We hit our target the other day for the Crowd Funder: https://www.crowdjustice.com/case/pavement-parking-and-obstructi/

Lawyers now doing pre-legal correspondence and research. Hoping this time critical opportunity is effective more nationally than local authority by local authority.

Cudzoziemiec

  • Ride adventurously and stop for a brew.
Re: Pavement Obstructions - challenging the government
« Reply #22 on: 06 August, 2020, 02:32:10 pm »
That looks great! I have a new online friend who is a Bristol Councillor who bangs on about disability access a lot until people hate her.
Ooh, what's her name? I'm making guesses in my head... (pm it if you prefer)
Riding a concrete path through the nebulous and chaotic future.

Regulator

  • That's Councillor Regulator to you...
Re: Pavement Obstructions - challenging the government
« Reply #23 on: 06 August, 2020, 03:02:32 pm »
My understanding is that the current laws leave things in an ambiguous state between local authority and police enforcement. So each blames the other and buckpasses.

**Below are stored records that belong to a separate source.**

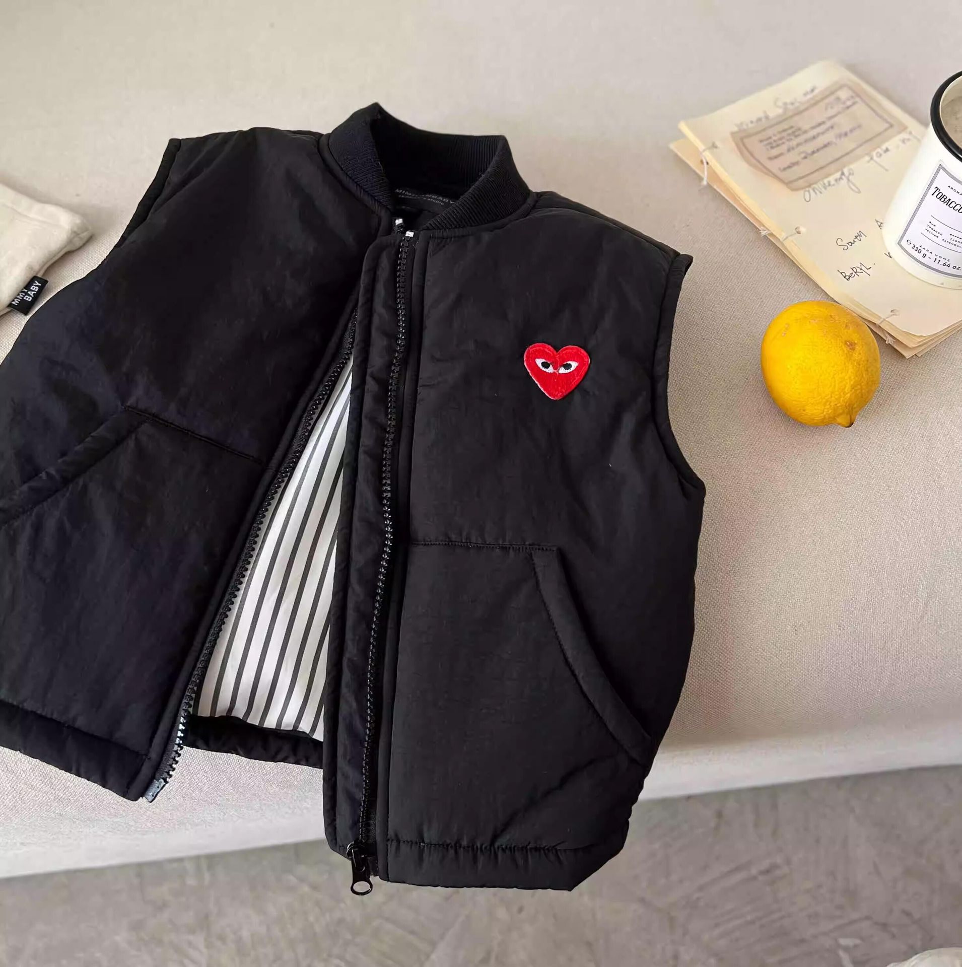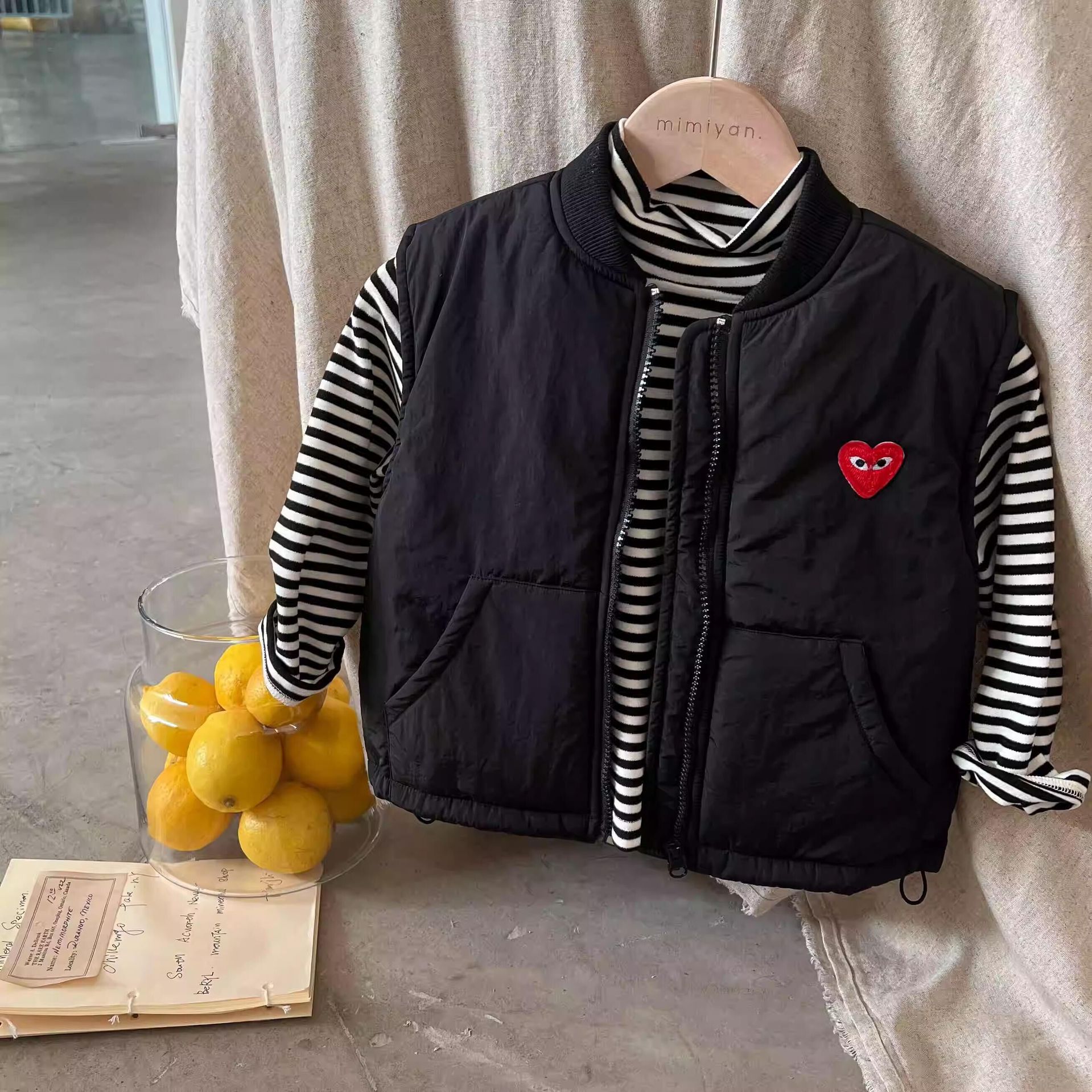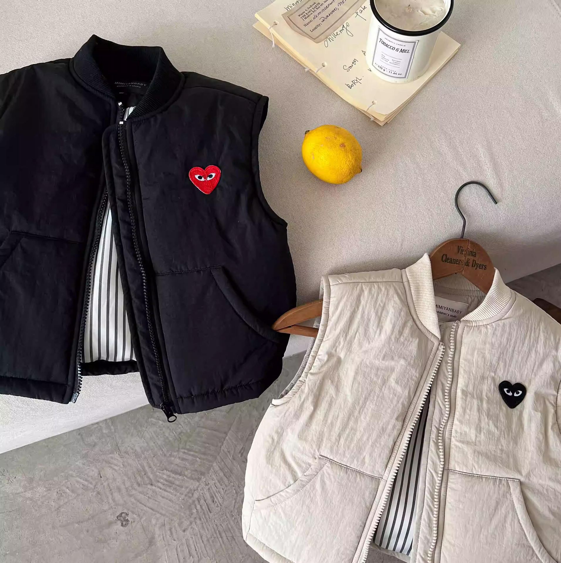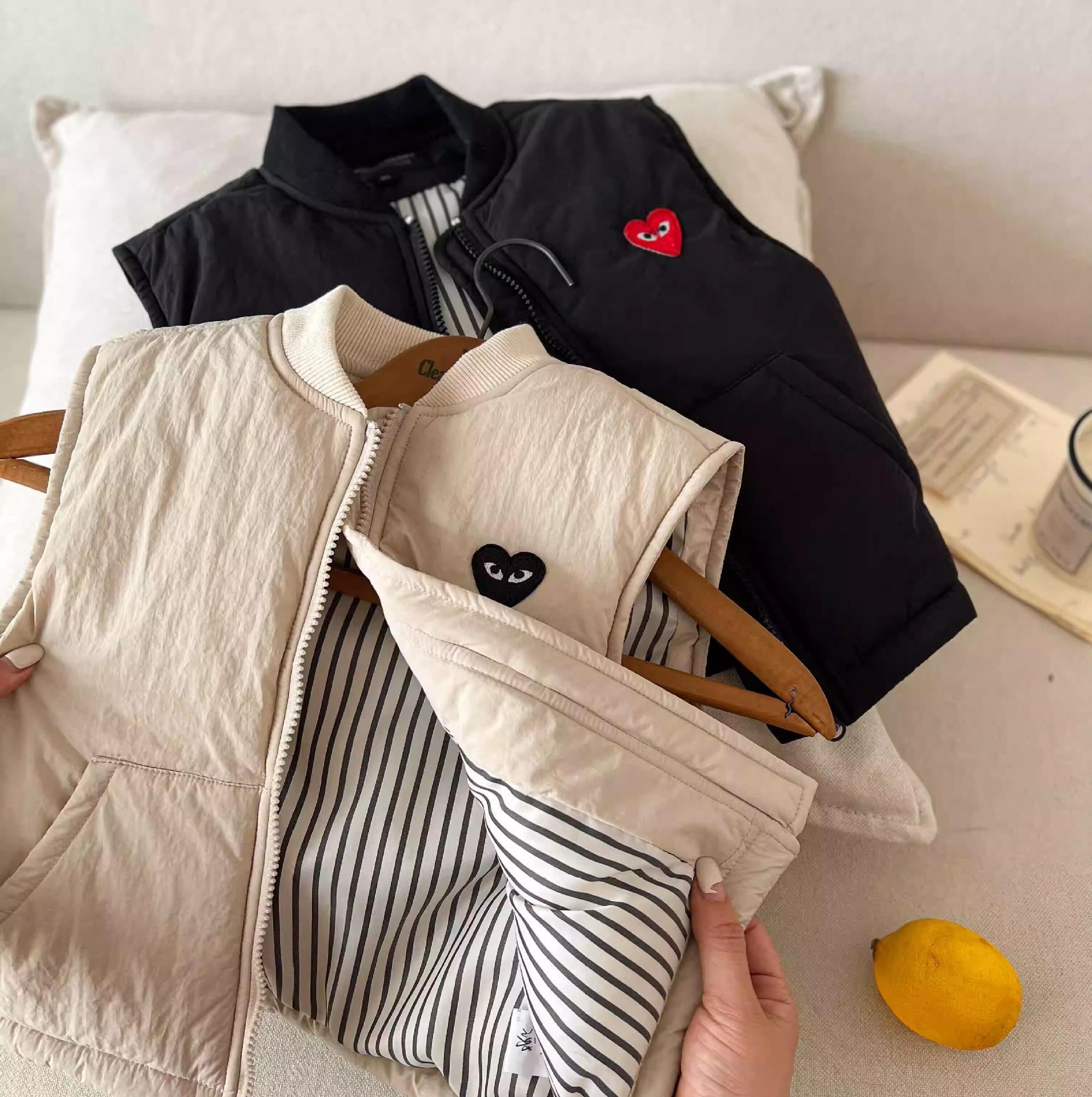 어린이 조끼 2024 가을 새 남녀 아동복 짜는 하트 코튼 조끼 아기 지퍼 민소매 코트 트렌디스토어 가기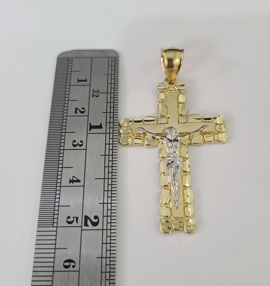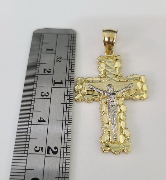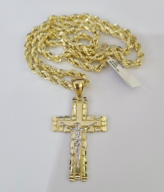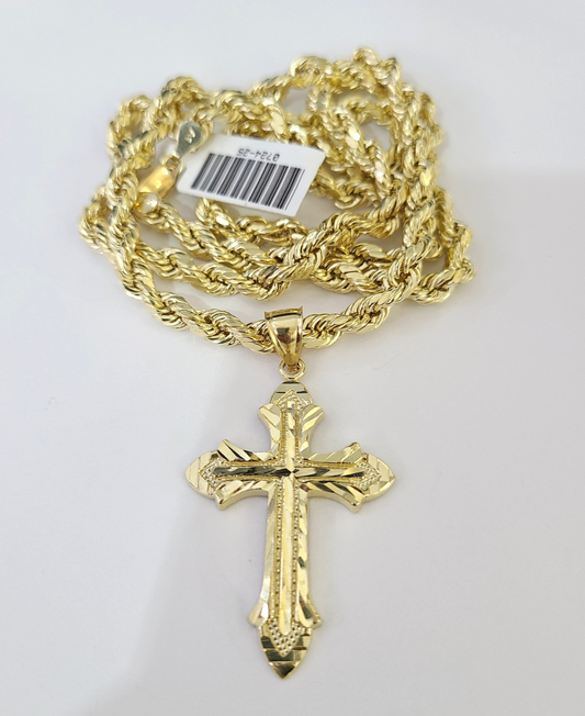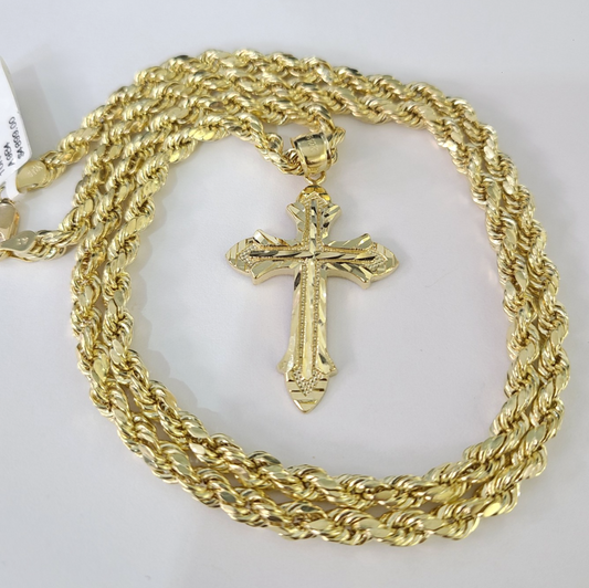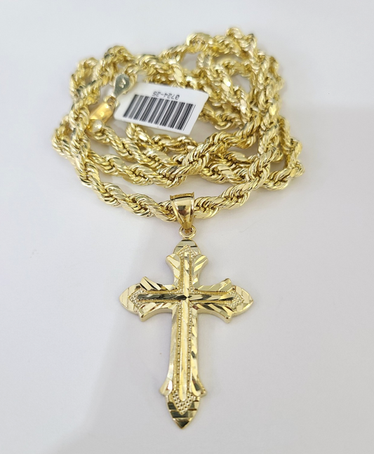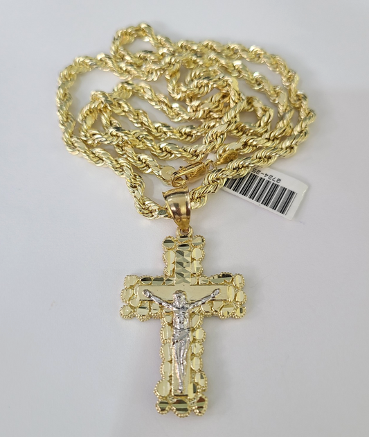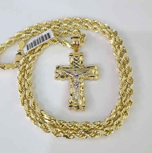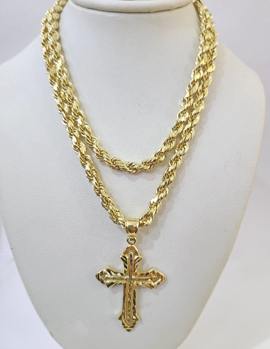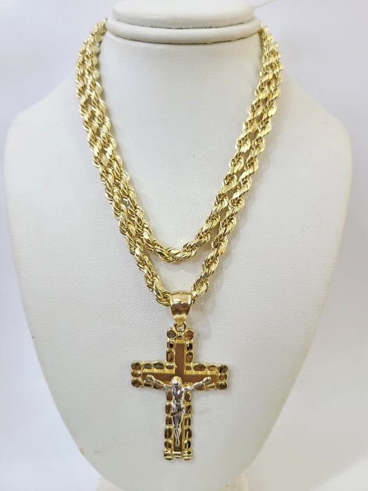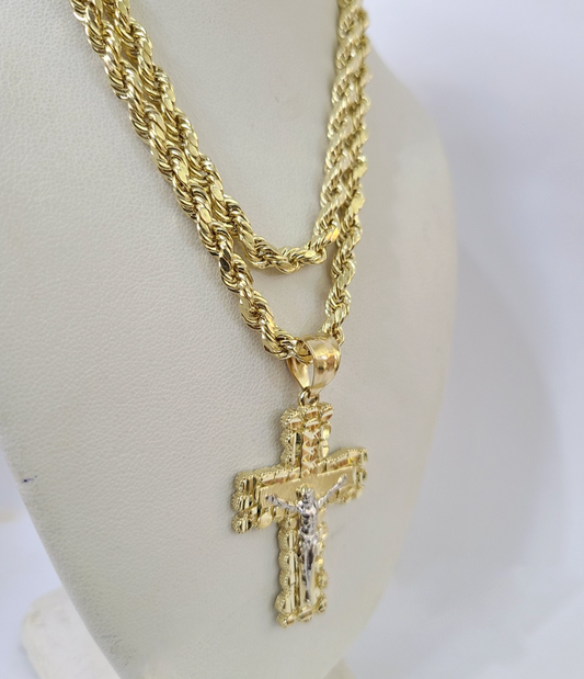 Real 10k Gold Rope Chain Jesus Cross Charm Pendant Set 18-28" inch 6mm Necklace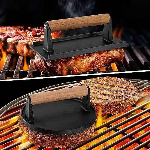 Prepare to be amazed as our grill press leaves behind mesmerizing grill marks on your steaks. giving them that irresistible. restaurant-quality appearance. The unique design of the press distributes weight evenly. allowing for consistent heat distribution and perfectly cooked meats every time.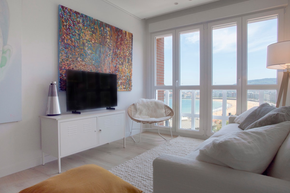 Cozy and cheerful apartment full of color and light to enjoy San Sebastian. Panoramic Sea views. Perfect dimensions. A few steps from the beach of La Concha and the city center. Divided into a spacious room with good closets, a spacious living room with a super comfortable sofa and modern paintings, an open kitchen with all the necessary appliances and top brands. Large bathroom, large shower, office space for the washing machine and the hot water heater. HIGH SPEED WIFI and BEO Sound Speakers.
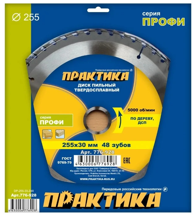 Диск пильный 255*30мм твердосплавный по дереву "Практика"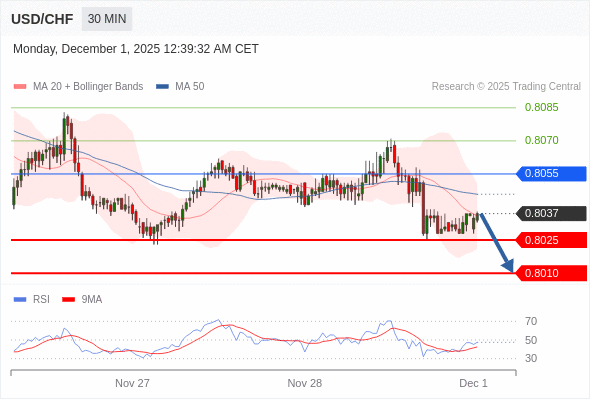 在 0.8055 之下,看跌,目标价位为 0.8025 ,然后为 0.8010 。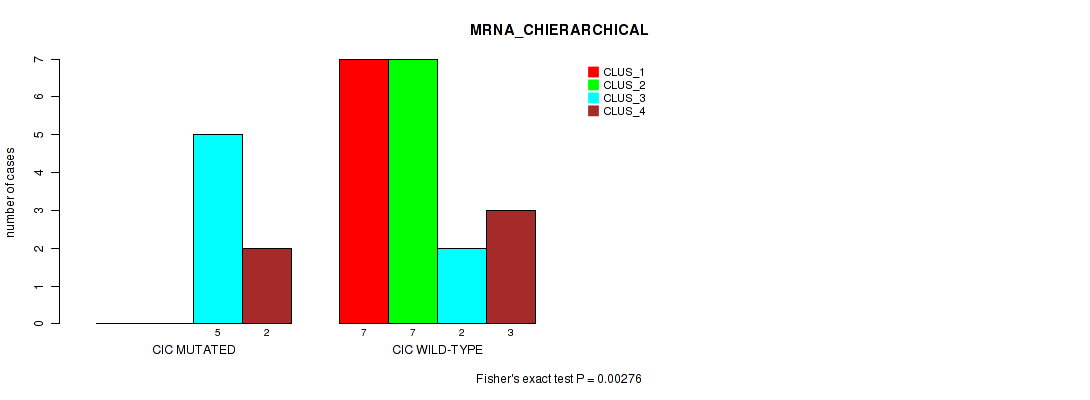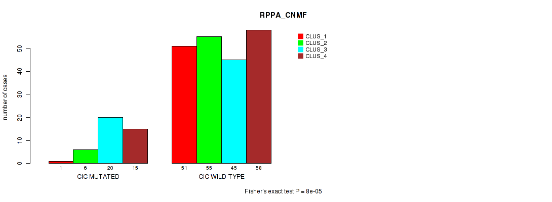 CIC mutation correlated to 'CN_CNMF', 'METHLYATION_CNMF', 'RPPA_CNMF', 'MRNASEQ_CNMF', 'MRNASEQ_CHIERARCHICAL', 'MIRSEQ_CNMF', 'MIRSEQ_CHIERARCHICAL', 'MIRSEQ_MATURE_CNMF', and 'MIRSEQ_MATURE_CHIERARCHICAL'.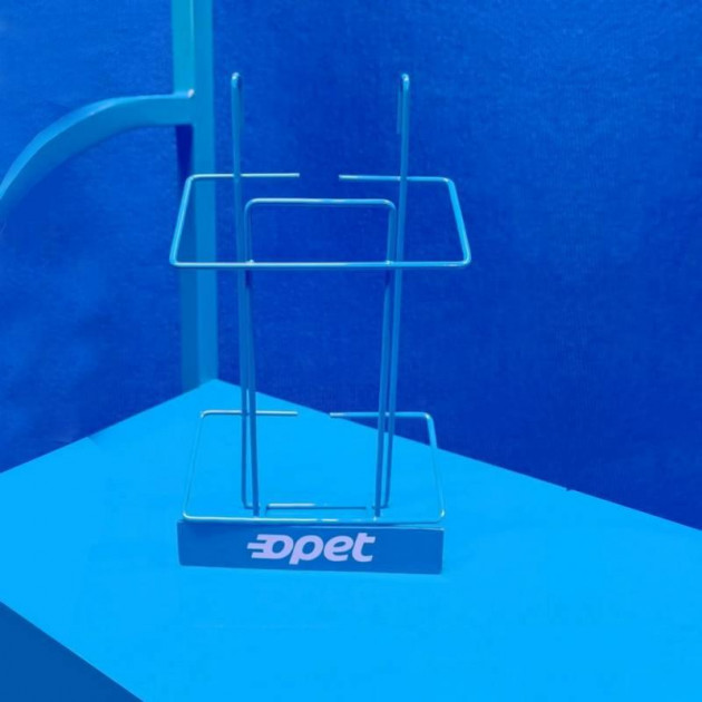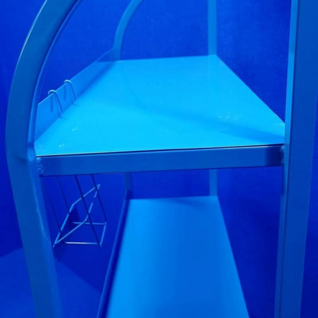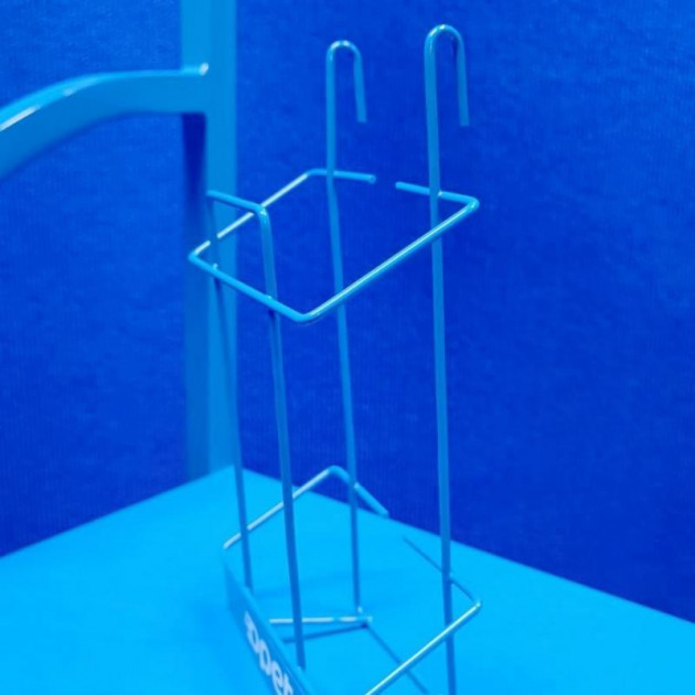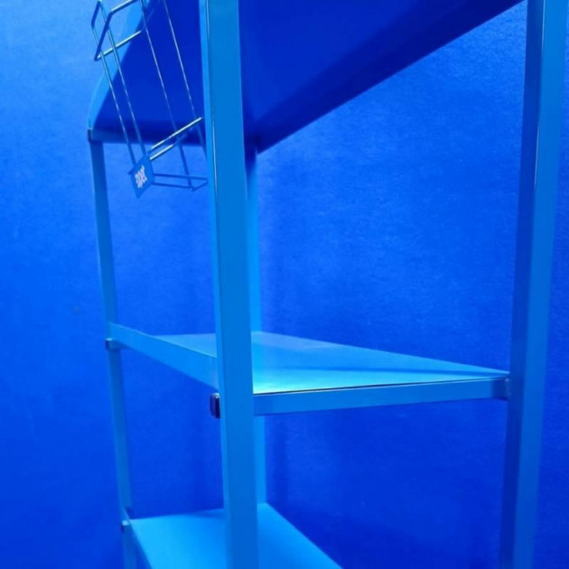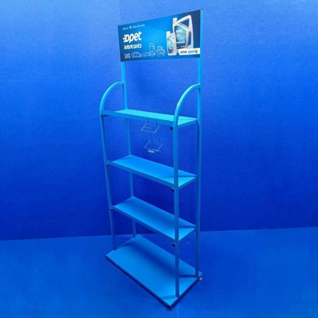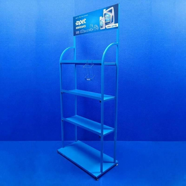 Металлический синий стеллаж для автомасел с брендированием и карманом для визиток

It's also not actually unlawful to pavement park unless there's specific traffic regulation orders (TROs) which are really really difficult to set up so most authorities don't bother.

The plan with this legal action is to explore the strength of a Judicial Review using the new Covid19 infra guidance as a hook (due to tight timescale regs) and show the government has consulted and consulted so they know what the issues are and strong support for no pavement parking, but not actually taken the reasonable steps needed. It's one of those things where it might not be a magic bullet but we're hoping we can force the government's hand and actually make them make it easier to enforce obstructions and then require authorities/police to actually DO that.

There's also concern that the new Covid19 infrastructure is going to worsen issues. In practice the closed off roads for pedestrians aren't working, people are reluctant to walk in blocked off roads and disabled people can't often get onto the temporary infra due to inaccessible design and infrastructure. One of the other issues is the government is about to worsen things further by allowing drink and food serving places to apply for rights to use more pavements than before. Government haven't done more than say "Equality Act still applies mmkay" rather than being more specific about what accessibility in the temporary/new infra should look like.

I realise that's kinda woolly, sadly that is the law, it's all about strengths of argument and getting government to consider people properly. Disabled people want clear enforcement, a way to do it and for it to actually happen.

I hope that's reasonably clear, let me know if you still have more questions.


Can I just point out that parking on the pavement is specifically banned in London, under the Greater London (General Purposes) Act 1974, unless there is a TRO permitting it?  I.e. the complete opposite to the position elsewhere in the country.

We have real problems locally as the district council will not pass the requisite TROs as the police won't enforce the existing parking restrictions anyway.  We've asked to have parking enforcement passed to the local authorities but the police are refusing to hand it over and the local Police & Crime Commissioner is backing them.

I have recently had success with enforcement action against a local garage, which parks cars for sale on the pavement.  But I've only been able to do that because there is a specific offence in relation to businesses offering vehicles for sale on the highway.
Quote from: clarion
I completely agree with Reg.

Green Party Councillor

barakta

  • Bastard lovechild of Yomiko Readman and Johnny 5
Re: Pavement Obstructions - challenging the government
« Reply #24 on: 06 August, 2020, 09:10:45 pm »
Yes, I should have been clearer that London has the pavement parking ban we'd like to see more widespreadly.

Londoners still have issues with other street obstructions and occasional parking nonsense, but the parking is much less overall.